'''
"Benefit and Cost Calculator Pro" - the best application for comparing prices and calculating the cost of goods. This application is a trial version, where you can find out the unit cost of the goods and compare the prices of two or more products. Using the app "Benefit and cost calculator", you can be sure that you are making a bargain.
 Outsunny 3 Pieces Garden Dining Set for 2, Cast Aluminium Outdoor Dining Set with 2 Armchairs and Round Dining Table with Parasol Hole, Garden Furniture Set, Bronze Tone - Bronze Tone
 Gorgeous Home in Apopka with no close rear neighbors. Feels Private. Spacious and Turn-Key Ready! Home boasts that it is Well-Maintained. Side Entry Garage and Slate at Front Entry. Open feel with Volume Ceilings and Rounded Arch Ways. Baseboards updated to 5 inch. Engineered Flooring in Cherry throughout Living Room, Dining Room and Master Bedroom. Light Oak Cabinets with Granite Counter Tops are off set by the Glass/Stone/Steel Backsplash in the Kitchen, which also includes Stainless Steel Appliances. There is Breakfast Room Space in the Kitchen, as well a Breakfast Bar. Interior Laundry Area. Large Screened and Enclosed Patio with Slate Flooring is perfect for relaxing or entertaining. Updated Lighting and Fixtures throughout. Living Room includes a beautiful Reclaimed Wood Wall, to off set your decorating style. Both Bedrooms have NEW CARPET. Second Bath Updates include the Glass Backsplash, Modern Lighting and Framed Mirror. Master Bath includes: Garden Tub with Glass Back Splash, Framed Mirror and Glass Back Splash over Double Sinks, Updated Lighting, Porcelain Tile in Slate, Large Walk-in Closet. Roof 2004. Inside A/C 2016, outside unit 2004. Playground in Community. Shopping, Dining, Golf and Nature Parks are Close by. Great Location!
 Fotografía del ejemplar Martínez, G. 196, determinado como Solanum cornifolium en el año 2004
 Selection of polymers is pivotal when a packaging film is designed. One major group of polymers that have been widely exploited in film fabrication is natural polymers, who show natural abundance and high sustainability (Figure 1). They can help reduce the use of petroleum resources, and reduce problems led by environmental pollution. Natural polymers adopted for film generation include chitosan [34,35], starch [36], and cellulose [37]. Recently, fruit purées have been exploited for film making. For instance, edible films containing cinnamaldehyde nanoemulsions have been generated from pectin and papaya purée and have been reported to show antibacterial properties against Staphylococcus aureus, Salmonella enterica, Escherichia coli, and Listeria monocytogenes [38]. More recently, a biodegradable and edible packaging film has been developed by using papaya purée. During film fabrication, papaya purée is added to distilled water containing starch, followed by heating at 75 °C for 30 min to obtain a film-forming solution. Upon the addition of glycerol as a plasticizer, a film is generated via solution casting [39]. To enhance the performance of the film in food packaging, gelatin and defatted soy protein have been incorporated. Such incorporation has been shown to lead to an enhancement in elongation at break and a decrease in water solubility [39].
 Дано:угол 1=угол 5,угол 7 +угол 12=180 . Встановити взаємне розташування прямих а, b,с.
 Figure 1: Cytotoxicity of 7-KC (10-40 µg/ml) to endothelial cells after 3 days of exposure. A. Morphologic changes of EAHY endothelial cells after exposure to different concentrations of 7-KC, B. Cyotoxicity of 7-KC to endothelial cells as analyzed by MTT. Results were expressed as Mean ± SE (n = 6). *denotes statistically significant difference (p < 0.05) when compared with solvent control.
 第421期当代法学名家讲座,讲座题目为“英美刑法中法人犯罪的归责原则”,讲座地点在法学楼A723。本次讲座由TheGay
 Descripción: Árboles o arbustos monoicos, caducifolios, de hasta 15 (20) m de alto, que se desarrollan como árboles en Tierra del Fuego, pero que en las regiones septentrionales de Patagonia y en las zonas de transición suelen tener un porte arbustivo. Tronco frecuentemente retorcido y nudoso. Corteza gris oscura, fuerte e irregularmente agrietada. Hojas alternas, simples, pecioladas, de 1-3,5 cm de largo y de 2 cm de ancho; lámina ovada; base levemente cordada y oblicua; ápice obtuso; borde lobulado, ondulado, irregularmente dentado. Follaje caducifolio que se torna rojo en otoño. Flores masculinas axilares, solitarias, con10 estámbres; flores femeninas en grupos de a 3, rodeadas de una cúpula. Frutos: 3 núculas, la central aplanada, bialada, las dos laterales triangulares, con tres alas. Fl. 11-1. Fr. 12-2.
'''
= Exercise =
Line by line, reproduce the records above exactly.

= Completed exercise =
"Benefit and Cost Calculator Pro" - the best application for comparing prices and calculating the cost of goods. This application is a trial version, where you can find out the unit cost of the goods and compare the prices of two or more products. Using the app "Benefit and cost calculator", you can be sure that you are making a bargain.
 Outsunny 3 Pieces Garden Dining Set for 2, Cast Aluminium Outdoor Dining Set with 2 Armchairs and Round Dining Table with Parasol Hole, Garden Furniture Set, Bronze Tone - Bronze Tone
 Gorgeous Home in Apopka with no close rear neighbors. Feels Private. Spacious and Turn-Key Ready! Home boasts that it is Well-Maintained. Side Entry Garage and Slate at Front Entry. Open feel with Volume Ceilings and Rounded Arch Ways. Baseboards updated to 5 inch. Engineered Flooring in Cherry throughout Living Room, Dining Room and Master Bedroom. Light Oak Cabinets with Granite Counter Tops are off set by the Glass/Stone/Steel Backsplash in the Kitchen, which also includes Stainless Steel Appliances. There is Breakfast Room Space in the Kitchen, as well a Breakfast Bar. Interior Laundry Area. Large Screened and Enclosed Patio with Slate Flooring is perfect for relaxing or entertaining. Updated Lighting and Fixtures throughout. Living Room includes a beautiful Reclaimed Wood Wall, to off set your decorating style. Both Bedrooms have NEW CARPET. Second Bath Updates include the Glass Backsplash, Modern Lighting and Framed Mirror. Master Bath includes: Garden Tub with Glass Back Splash, Framed Mirror and Glass Back Splash over Double Sinks, Updated Lighting, Porcelain Tile in Slate, Large Walk-in Closet. Roof 2004. Inside A/C 2016, outside unit 2004. Playground in Community. Shopping, Dining, Golf and Nature Parks are Close by. Great Location!
 Fotografía del ejemplar Martínez, G. 196, determinado como Solanum cornifolium en el año 2004
 Selection of polymers is pivotal when a packaging film is designed. One major group of polymers that have been widely exploited in film fabrication is natural polymers, who show natural abundance and high sustainability (Figure 1). They can help reduce the use of petroleum resources, and reduce problems led by environmental pollution. Natural polymers adopted for film generation include chitosan [34,35], starch [36], and cellulose [37]. Recently, fruit purées have been exploited for film making. For instance, edible films containing cinnamaldehyde nanoemulsions have been generated from pectin and papaya purée and have been reported to show antibacterial properties against Staphylococcus aureus, Salmonella enterica, Escherichia coli, and Listeria monocytogenes [38]. More recently, a biodegradable and edible packaging film has been developed by using papaya purée. During film fabrication, papaya purée is added to distilled water containing starch, followed by heating at 75 °C for 30 min to obtain a film-forming solution. Upon the addition of glycerol as a plasticizer, a film is generated via solution casting [39]. To enhance the performance of the film in food packaging, gelatin and defatted soy protein have been incorporated. Such incorporation has been shown to lead to an enhancement in elongation at break and a decrease in water solubility [39].
 Дано:угол 1=угол 5,угол 7 +угол 12=180 . Встановити взаємне розташування прямих а, b,с.
 Figure 1: Cytotoxicity of 7-KC (10-40 µg/ml) to endothelial cells after 3 days of exposure. A. Morphologic changes of EAHY endothelial cells after exposure to different concentrations of 7-KC, B. Cyotoxicity of 7-KC to endothelial cells as analyzed by MTT. Results were expressed as Mean ± SE (n = 6). *denotes statistically significant difference (p < 0.05) when compared with solvent control.
 第421期当代法学名家讲座,讲座题目为“英美刑法中法人犯罪的归责原则”,讲座地点在法学楼A723。本次讲座由TheGay
 Descripción: Árboles o arbustos monoicos, caducifolios, de hasta 15 (20) m de alto, que se desarrollan como árboles en Tierra del Fuego, pero que en las regiones septentrionales de Patagonia y en las zonas de transición suelen tener un porte arbustivo. Tronco frecuentemente retorcido y nudoso. Corteza gris oscura, fuerte e irregularmente agrietada. Hojas alternas, simples, pecioladas, de 1-3,5 cm de largo y de 2 cm de ancho; lámina ovada; base levemente cordada y oblicua; ápice obtuso; borde lobulado, ondulado, irregularmente dentado. Follaje caducifolio que se torna rojo en otoño. Flores masculinas axilares, solitarias, con10 estámbres; flores femeninas en grupos de a 3, rodeadas de una cúpula. Frutos: 3 núculas, la central aplanada, bialada, las dos laterales triangulares, con tres alas. Fl. 11-1. Fr. 12-2.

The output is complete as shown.